The existing cap of 50 non-employee shareholders for proprietary companies will be amended so that CSF shareholders are not counted as part of the cap. CSF shareholders will only include people who acquire the shares in a CSF offer. If a person buys the shares from someone who acquired them in a CSF offer, the buyer will not be a “CSF shareholder”.
Proprietary CSF companies will have to maintain information about CSF shareholdings in their company register. They will also need to notify ASIC when they first have CSF shareholders, issue new CSF shares, cancel CSF shares, and cease to have CSF shareholders.
There will be enhanced financial reporting obligations for proprietary companies that make CSF offers.
Normally a small proprietary company only has to prepare annual financial reports and directors reports if it is directed by the shareholders. Because CSF shareholders will not have the same degree of connection to management, proprietary companies will be required to prepare annual financial and directors reports when they have CSF shareholders. These reports will also have to be lodged with ASIC. If the company raises more than $1 million from CSF offers, the annual financial report must be audited. Once the company has raised more than $1 million from CSF offers, the directors will have to ensure that there is an auditor appointed within a month after the $1 million was raised, and an auditor will need to be appointed for the entire period where there are CSF shareholders. The company will be subject to existing rules requiring independence between the company and its auditors.
Proprietary companies that have CSF shareholders will also be subject to the related party transaction rules in Chapter 2E of the Corporations Act. This will give remedies to investors if funds are transferred to a related party for non-commercial purposes without shareholder approval.

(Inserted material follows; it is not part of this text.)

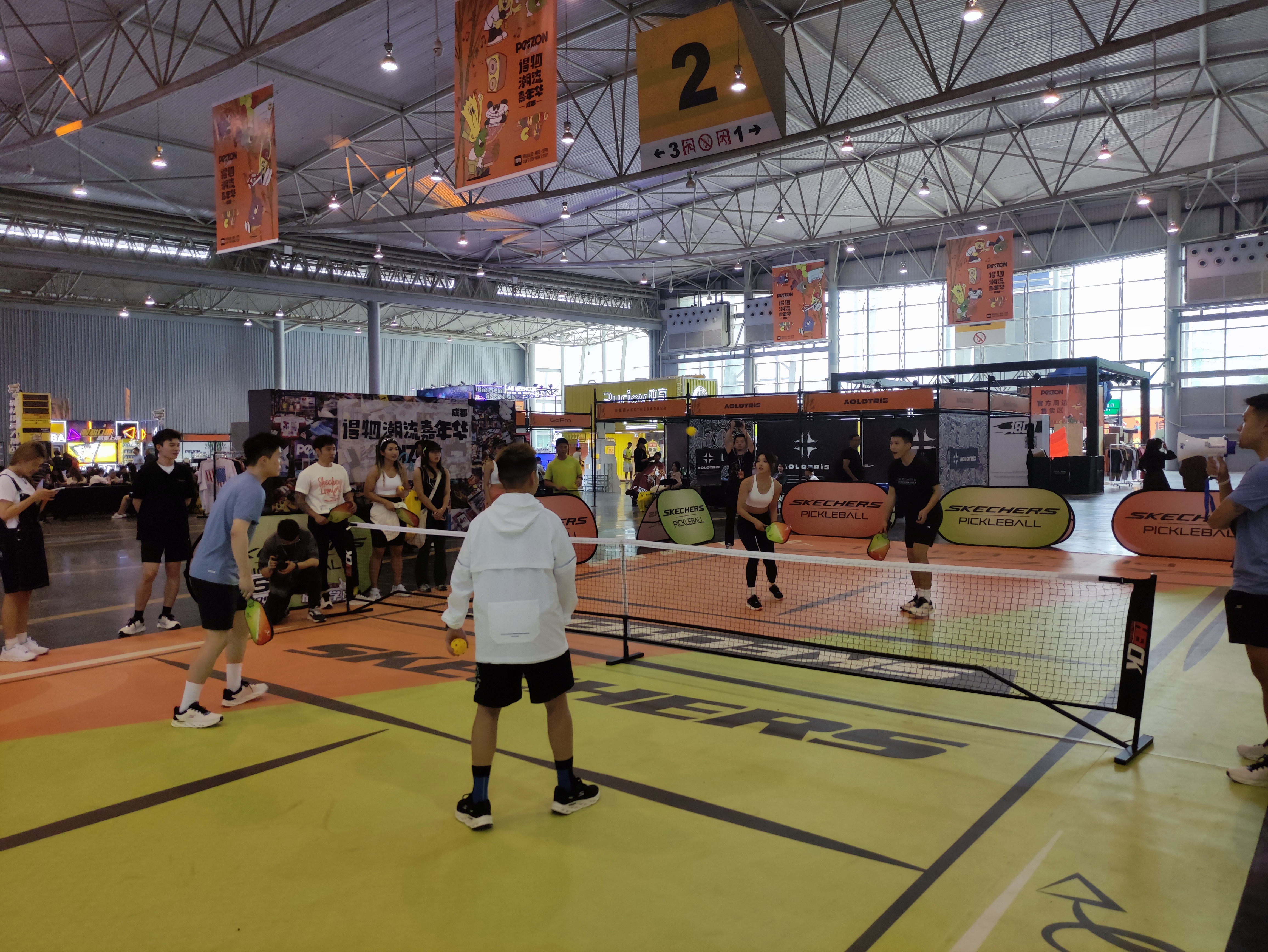 在斯凯奇展台,有一种与网球类似的运动比赛吸引了记者目光,不过场地比常见的网球略小,球拍也较网球短。据了解,这是一种名为皮卡球的休闲运动,又叫板式网球。因入门简单、玩法灵活、强社交性等特点,已在成都快速破圈。

If a proprietary company has more than 50 shareholders, it would ordinarily be subject to the takeover rules in Chapters 6 of the Corporations Act. The amendments will exempt proprietary companies with CSF shareholders from these rules, as long as the constitution of the company provides a minimum level of protection for investors to participate in an exit event: a “tag right” provision that requires a person who acquires more than 40% of the voting shares in the company to offer to purchase all other securities in the company on the same terms within 31 days.
The new CSF regime for public companies commencing on 29 September includes a number of corporate governance and reporting concessions for new public companies which were designed to make it easier for proprietary companies to convert to public companies in order to access CSF. Because the proposed amendments will allow proprietary companies to use CSF without having to convert to a public company, the draft Bill proposes to abolish these concessions.
Fintech Australia represents the fintech industry, an important part of the start-up scene whose members may well be interested in using CSF. It has made a submission on the draft Bill to extend CSF to proprietary companies, and has put forward some proposals:
- Consider allowing intermediaries to syndicate multiple investments, such as through unit trusts, and allow units in these trusts to be marketed to retail investors.
- A short form summary or web page for the CSF offer document.
- Audit requirements should apply to companies raising more than $3 million (not $1 million).
- Raise the cap on amounts that can be raised from $5 million to $50 million.
- CSF shares sold to others should retain their CSF status for the purpose of determining the maximum shareholder limit.
- Reconsider the “tag right” provision, because it would restrict the ability of a major shareholder to increase their stake in the company and invest more capital.
- Remove the cooling off period for investors.
It will be interesting to see if the Government adopts any of these recommendations when the Bill is introduced into Parliament.